Especially if you're doing any sort of causal inference, you're usually making strong assumptions before estimating your model, even just in terms of which variables are included and how they're connected. The idea that priors are somehow ruining an "objective" model is just absurd to me. You're already making so many other decisions about your model that will affect estimates and your interpretation of them. Priors seem like another perfectly reasonable decision to have to make as well, with the benefit of getting results that I think in general are must more easily understood by a lay audience. (E.g., I don't think I've ever encountered someone not on my data science team that actually understands what a p-value is.
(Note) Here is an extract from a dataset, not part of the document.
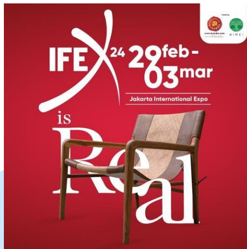
Gambar 2. 3 Indonesia International Furniture Expo 2024

IFEX 2024 diselenggarakan pada 29 Februari - 03 Maret 2024 yang bertempat di JiExpo Kemayoran Jakarta. Mengusung konsep R.E.A.L ( Reflection of the Culture, Experience the Comfort, Adapt to Sustainability, dan Leading the Innovation ), pameran IFEX 2024 terus menjadi platform bagi momentum sempurna bagi produsen lokal untuk menampilkan beragam produk mereka kepada pembeli global.
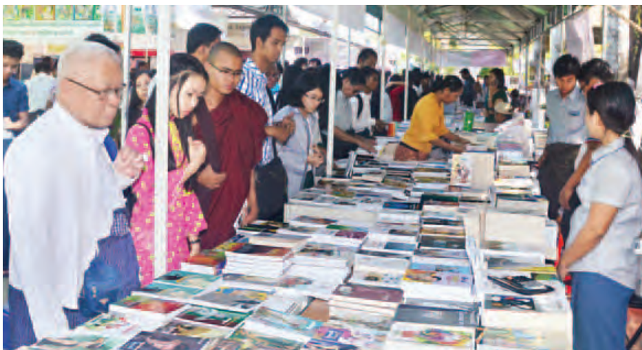
နိဘယ်လ်-မြန်မာစာပေပွဲတော် ၂၀၁၇၊ ရသစာပေတွင် စာအုပ်ဈေးခင်းဖွင့်လှစ်ကာ ရသစာပေစာအုပ်မျိုးစုံကို ရောင်းချပေးလျက်ရှိရာ စာပေဝါသနာရှင်များဖြင့် အထူးစည်ကားလျက်ရှိသည်ကို တွေ့ရစဉ်။

သတင်း-ရီရီမြင့်၊ ဥဗ္ဗာသန့်၊ ဓာတ်ပုံ-လှစိုး

But people are much better at understanding when I say, there's an X percent chance that there is a positive effect here.)
Another issue that I personally have with Bayesianism is that I believe that assigning probabilities to singular events is only meaningful and admissible at all if there is a good analytic explanation for the respective propensity. For example, we may be able to deduce that a die is reasonably fair from the way it is constructed and our knowledge of physics, and later confirm this by frequentist analysis. Merely believing or claiming that the die is fair is not acceptable. Again, the difference is only one of attitude in the end, I suppose.
Maybe philosophers have given Bayesian statistics a bad rap, too, because many of those who call themselves Bayesians are also "probabilists", i.e., they think that rational belief must conform to the probability calculus. There are many arguments against probabilism and the only arguments that speak for it are Dutch book arguments. The view does not have very strong foundations.
I think some caution can be justified to a certain extent (not the blind "emotional" objections). When establishing priors in a low data regime, one must necessarily be careful. It's a knob whose mass can change a lot in the inference conclusion. That said, if we trust our belief about the region the available data do not inform us well of, why not utilize our domain knowledge/belief?
How many coin tosses in a row have to land heads before a frequentist decides that the coin is unfair?
I think they are pretty close to the way sane people answer some kinds of questions.
https://onlinelibrary.wiley.com/doi/book/10.1002/97811192863...
Jaynes is certainly very deep and some sections are harder than others. It's interesting regardless of your level (this is a book worth rereading several times).
For a less technical, but full of insight, introduction see Dennis Lindley's Understanding Uncertainty:
https://onlinelibrary.wiley.com/doi/book/10.1002/97811186501...
[1]: https://www.amazon.com/Bayesian-Methods-Hackers-Probabilisti...
But really, the first two chapters aren't that hard.
My engineer friend called my PhD friend a "frequentist", like it was a dirty word, despite only having one, maybe two, classes in college about bayesian math/statistics/whatever (my ignorance).
This quote jumped out at me in the article:
"I wanted to write a book on Bayesian statistics that really anyone could pick up and use to gain real intuitions for how to think statistically and solve real problems using statistics."
In the context of the statement, it sounds like he is claimin any non-bayesian statistics is useless (or less valuable/reliable at best) than other forms of statistical analysis?